GIVEN INFORMATION:
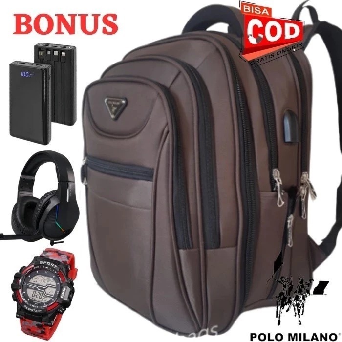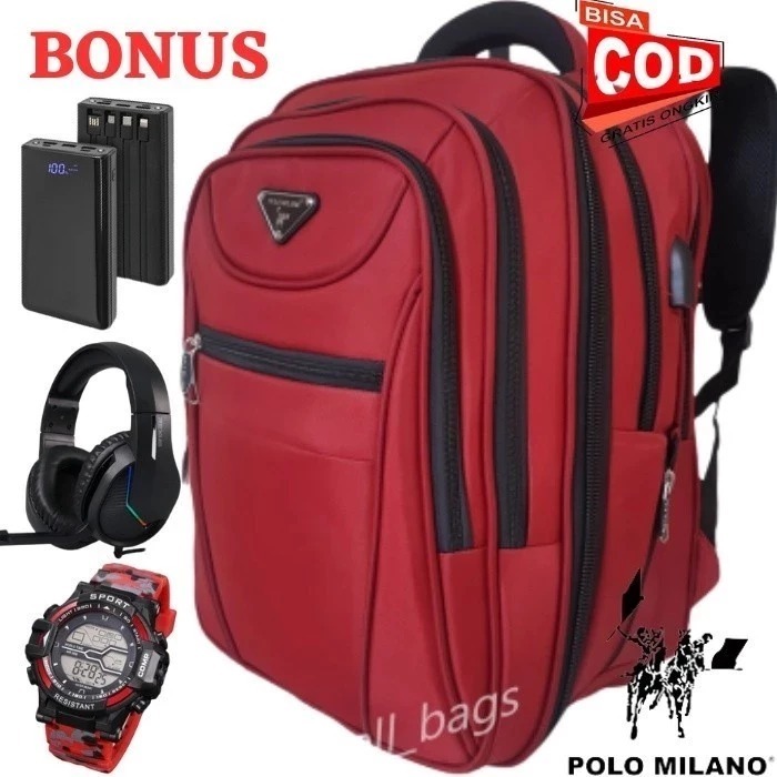 ( FREE 3 HADIAH )Tas Ransel Polo Milano 88372 Tas Ransel Polo Dewasa Terbaru 2023 (TPH) Tas Polo Hitam Tas Kerja Tas Tra
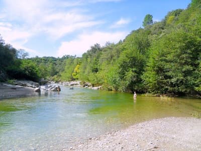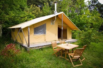 Au Bivouac Nature, on goûte à la magie des Cévennes, à l'ombre des châtaigniers, à la paix des vallats qui découpent leurs contours bleutés jusqu'à l'horizon. Les eaux fraîches du gardon de st Jean, parfaites pour la baignade, coulent en contrebas. L'occasion de 20 minutes de marche à l'ombre. Les 22 tentes Lodges, bien équipées, sont éparpillées dans une ancienne châtaigneraie, partie d'un site Natura 2000, à 250 mètres d'altitude. Elles se répartissent en deux zones : un village où chaque tente possède sa propre salle d'eau, et une zone baroudeur où il n’y a pas d'électricité. On s'y déplace la nuit avec une lampe-tempête pour ne pas concurrencer les milliers d'étoiles qui luisent là-haut: on est sous une réserve internationale de ciel étoilé. En plus du confort des tentes posées sur un plancher de bois, avec de vrais lits, un coin cuisine, et parfois un poêle à bois, le Bivouac Nature est formidable pour ses animations qui mettent l'environnement au coeur du projet et impliquent les enfants. L'été, on réalise des herbiers, on repère les traces de la faune sauvage, on part en randonnées accompagnées. Et on peut même se balader sur les 30 hectares du domaine dont le campement occupe une petite partie, soit 3 hectares. Les plus curieux visiteront St Jean du Gard, à trois kilomètres au sud, ou la Bambouseraie d'Anduze à 13 kilomètres.
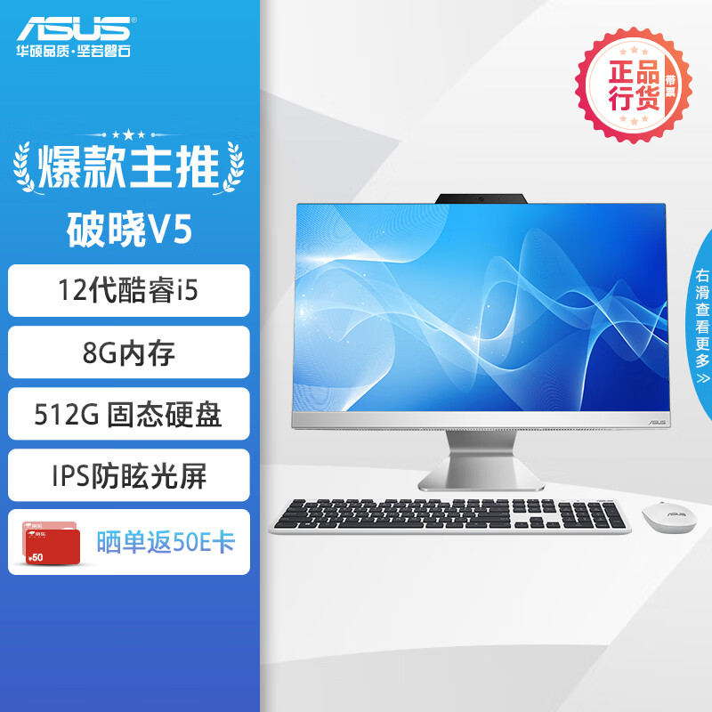 华硕破晓V5 23.8英寸家用商用一体机电脑台式电脑(12代i5-1235U 8G 512G固态 WIFI6蓝牙)白价格:3299.00元!

THE PROBLEM: Going from the line that holds "Au Bivouac Nature, on" to the end of the listing above, copy each line exactly and nothing more, leaving pictures aside.

ANSWER FOR THIS EXERCISE:
 Au Bivouac Nature, on goûte à la magie des Cévennes, à l'ombre des châtaigniers, à la paix des vallats qui découpent leurs contours bleutés jusqu'à l'horizon. Les eaux fraîches du gardon de st Jean, parfaites pour la baignade, coulent en contrebas. L'occasion de 20 minutes de marche à l'ombre. Les 22 tentes Lodges, bien équipées, sont éparpillées dans une ancienne châtaigneraie, partie d'un site Natura 2000, à 250 mètres d'altitude. Elles se répartissent en deux zones : un village où chaque tente possède sa propre salle d'eau, et une zone baroudeur où il n’y a pas d'électricité. On s'y déplace la nuit avec une lampe-tempête pour ne pas concurrencer les milliers d'étoiles qui luisent là-haut: on est sous une réserve internationale de ciel étoilé. En plus du confort des tentes posées sur un plancher de bois, avec de vrais lits, un coin cuisine, et parfois un poêle à bois, le Bivouac Nature est formidable pour ses animations qui mettent l'environnement au coeur du projet et impliquent les enfants. L'été, on réalise des herbiers, on repère les traces de la faune sauvage, on part en randonnées accompagnées. Et on peut même se balader sur les 30 hectares du domaine dont le campement occupe une petite partie, soit 3 hectares. Les plus curieux visiteront St Jean du Gard, à trois kilomètres au sud, ou la Bambouseraie d'Anduze à 13 kilomètres.
 华硕破晓V5 23.8英寸家用商用一体机电脑台式电脑(12代i5-1235U 8G 512G固态 WIFI6蓝牙)白价格:3299.00元!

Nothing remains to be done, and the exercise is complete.